Washington, August 29 (RHC)-- A U.S. federal appeals court has reversed a lower judge's order to stop the National Security Agency (NSA) from collecting the phone records of Americans under a widespread spying program that has raised privacy concerns.
The U.S. Court of Appeals for the District of Columbia Circuit on Friday sent the NSA spying case back to a lower court for further proceedings between privacy advocates and government lawyers. The three-judge panel ruled that challengers to the telephone records collection failed to prove that their own records were collected.
"Although one could reasonably infer from the evidence presented the government collected plaintiffs' own metadata, one could also conclude the opposite," wrote Judge Janice Rogers Brown. As such, the plaintiffs "fall short of meeting the higher burden of proof required for a preliminary injunction," she added.

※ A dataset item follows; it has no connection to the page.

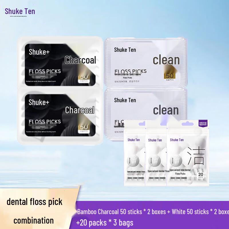 Shuke Bamboo Charcoal & White Dental Floss Sticks

Judge David Sentelle went further, declaring that the challengers "have not demonstrated that they suffer injury from the government's collection of records" and urging that the case be dismissed. The judges also ruled that the program's secrecy "is a feature of the program, not a bug," despite the change in a law that imposes some new limits on the bulk collection of telecommunication metadata on US citizens by American intelligence agencies.

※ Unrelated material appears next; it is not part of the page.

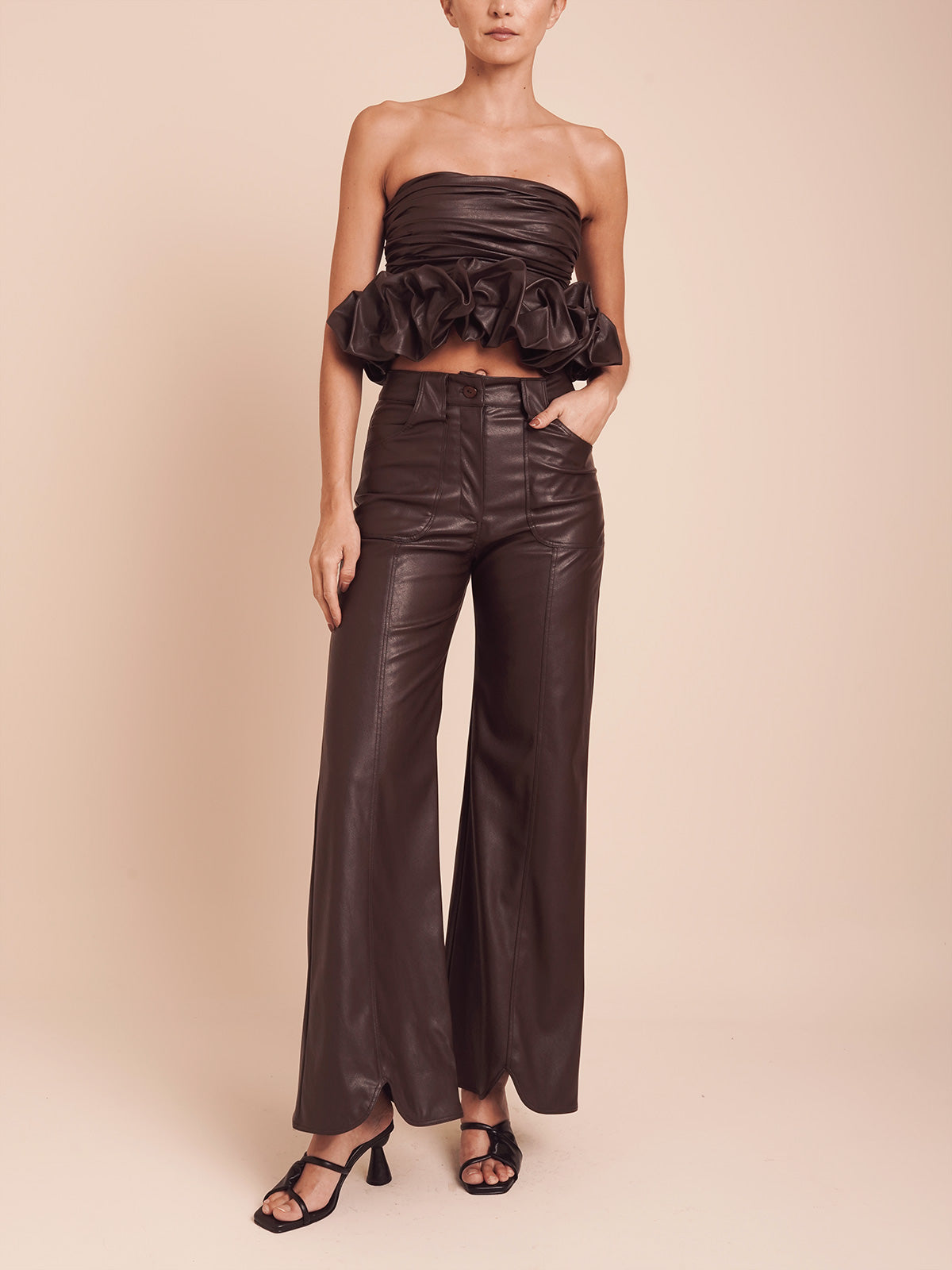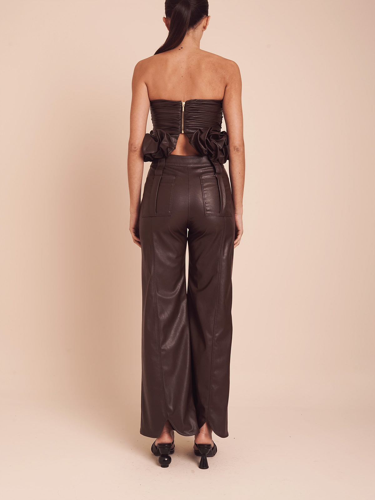 Jerry Top es una pieza statement confeccionada en cuero vegano color espresso. Su bustier drapeado con escultura y el maxi volante en el ruedo crean un equilibrio entre volumen, textura y sofisticación contemporánea. Con cierre posterior que asegura un fit impecable, este top transforma cualquier look, desde noches de cóctel hasta un estilo moderno de día a noche. Combínalo con pantalones a juego o de tiro alto para un set inolvidable.

The law in question was the Patriot Act that expired in June and was replace by the USA Freedom Act by Congress. The new law would require telecommunications companies to collect and store phone records the same way that they do now for billing purposes and the NSA only can obtain information about individuals with permission from a federal court.
In June 2013, former NSA contractor Edward Snowden revealed the massive phone record collection program. Secret documents disclosed by Snowden showed that a US surveillance court had secretly approved the collection of millions of raw daily phone records of Americans.